Task goal:
Only the lines from the beginning of the data through the line holding "Mokré utierky s antistatickým" belong in the answer, printed exactly and without pictures.

Given material:
/---
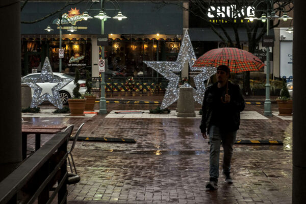 Rain and umbrellas and holiday lights in Shirlington (staff photo by Jay Westcott)
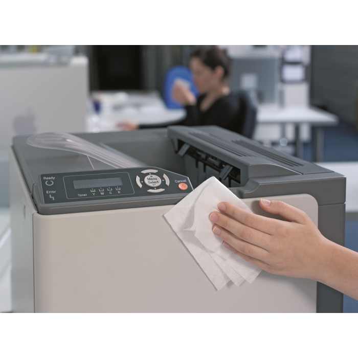 Mokré utierky s antistatickým zložením bez obsahu alkoholu na pohodlné čistenie krytov, povrchov, tlačiarní, telefónov a kancelárskeho vybavenia. Praktické balenie - dóza so 100 útržkami oddelenými perforáciou. Tento chemický prípravok je nebezpečný.
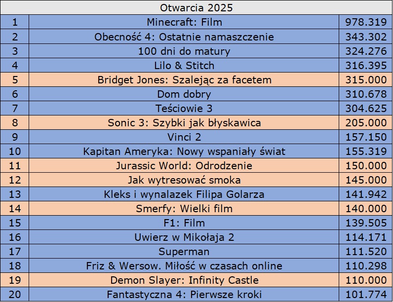 - Dom dobry (2025) – +600 tys. widzów (otwarcie: 310 678)
\---
Result below:
 Rain and umbrellas and holiday lights in Shirlington (staff photo by Jay Westcott)
 Mokré utierky s antistatickým zložením bez obsahu alkoholu na pohodlné čistenie krytov, povrchov, tlačiarní, telefónov a kancelárskeho vybavenia. Praktické balenie - dóza so 100 útržkami oddelenými perforáciou. Tento chemický prípravok je nebezpečný.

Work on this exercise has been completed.